Identifiers
- Symbol: GLB1
- Alt. symbols: SA-β-Gal
- NCBI gene: 2720
- HGNC: 4298
- OMIM: 611458
- RefSeq: NM_000404
- UniProt: P16278

Other data
- EC number: 3.2.1.23
- Locus: Chr. 3 p22.3

Search for
- Structures: Swiss-model
- Domains: InterPro

= Senescence-associated beta-galactosidase =

Hypothetical hydrolase enzyme

Senescence-associated beta-galactosidase (SA-β-gal or SABG) is a hypothetical hydrolase enzyme that catalyzes the hydrolysis of β-galactosides into monosaccharides. Senescence-associated beta-galactosidase, along with p16^{Ink4A}, is regarded to be a biomarker of cellular senescence.

Its existence was proposed in 1995 by Dimri et al. following the observation that when beta-galactosidase assays were carried out at pH 6.0, only cells in senescence state develop staining. They proposed a cytochemical assay based on production of a blue-dyed precipitate that results from the cleavage of the chromogenic substrate X-Gal, which stains blue when cleaved by galactosidase. Since then, even more specific quantitative assays were developed for its detection at pH 6.0.

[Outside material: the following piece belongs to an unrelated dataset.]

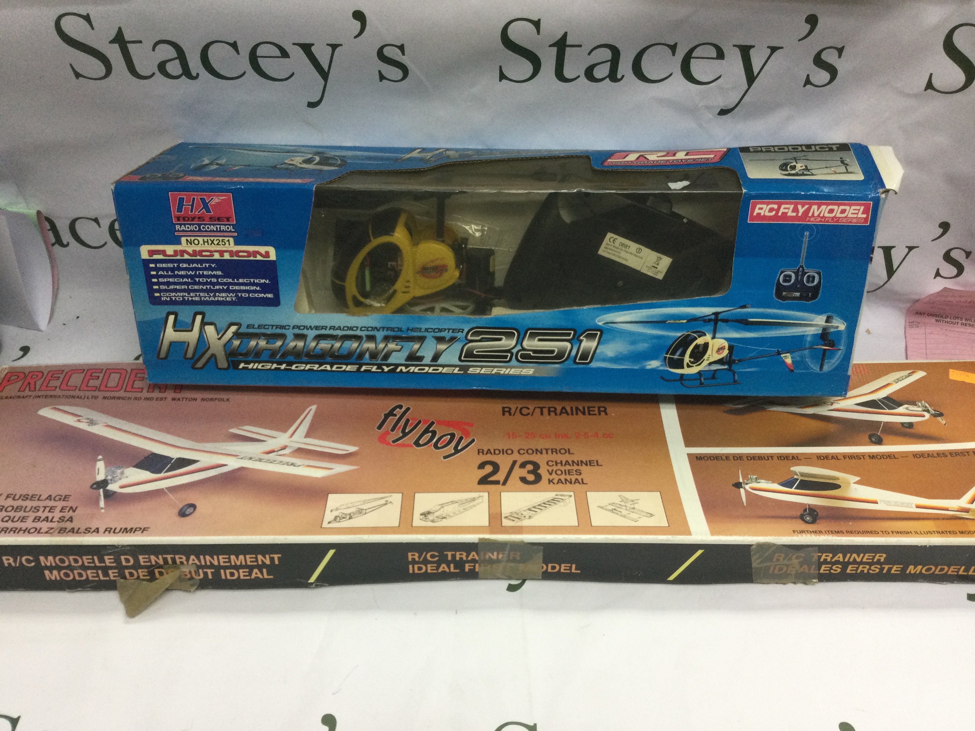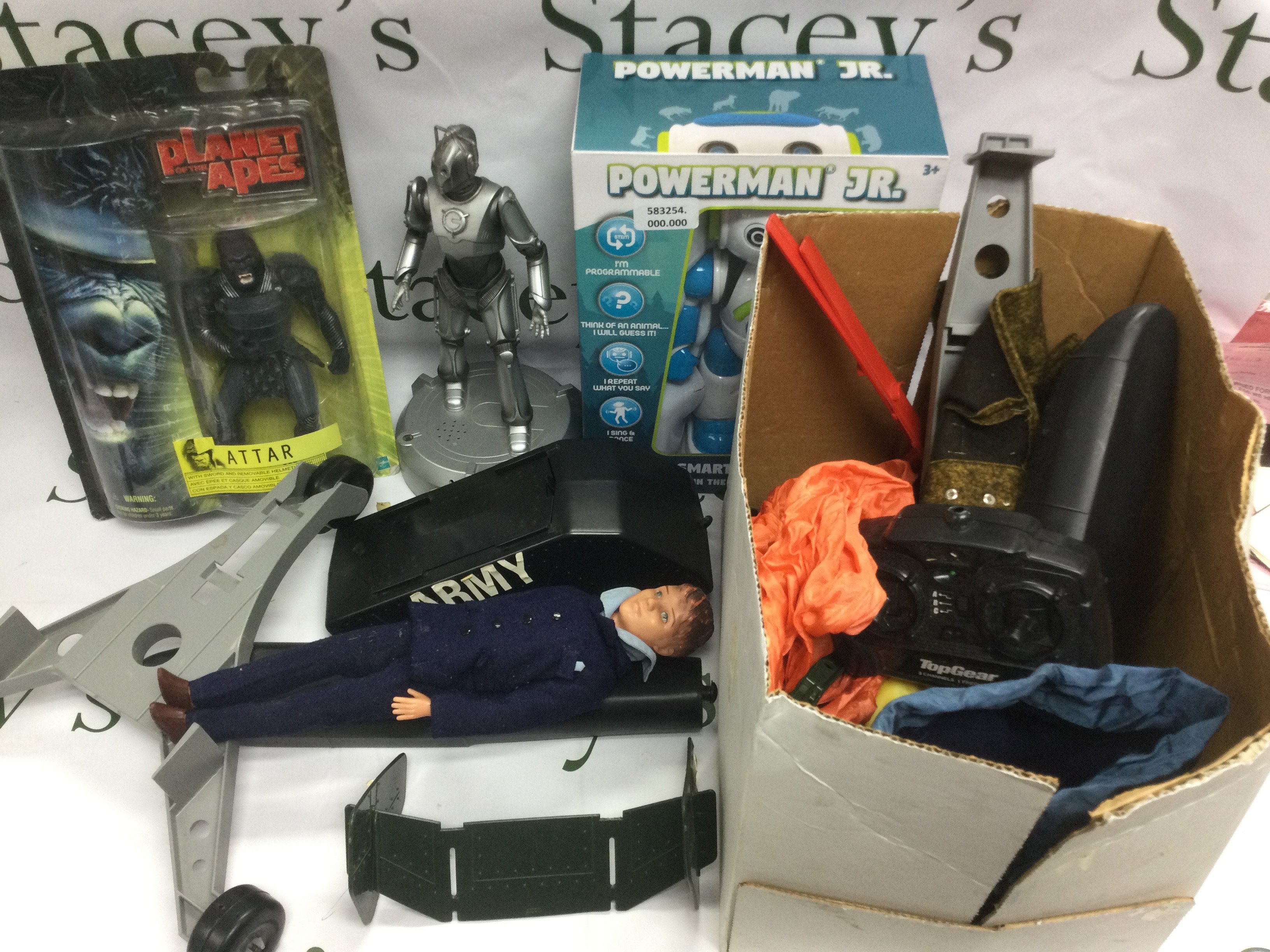 A box of toys and models comprising Action Man outfits, a remote control Helicopter and other items.

Today this phenomenon is explained by the overexpression and accumulation of the endogenous lysosomal beta-galactosidase specifically in senescent cells. Its expression is not required for senescence. However, it remains as the most widely used biomarker for senescent and aging cells, because it is easy to detect and reliable both in situ and in vitro. Reversal of senescence of human chondrocytes taken from patients undergoing total knee arthroplasty in in-vitro conditions through tissue engineering reported along with correlating evidence of P16 and P21 biomarkers reiterates this phenomenon.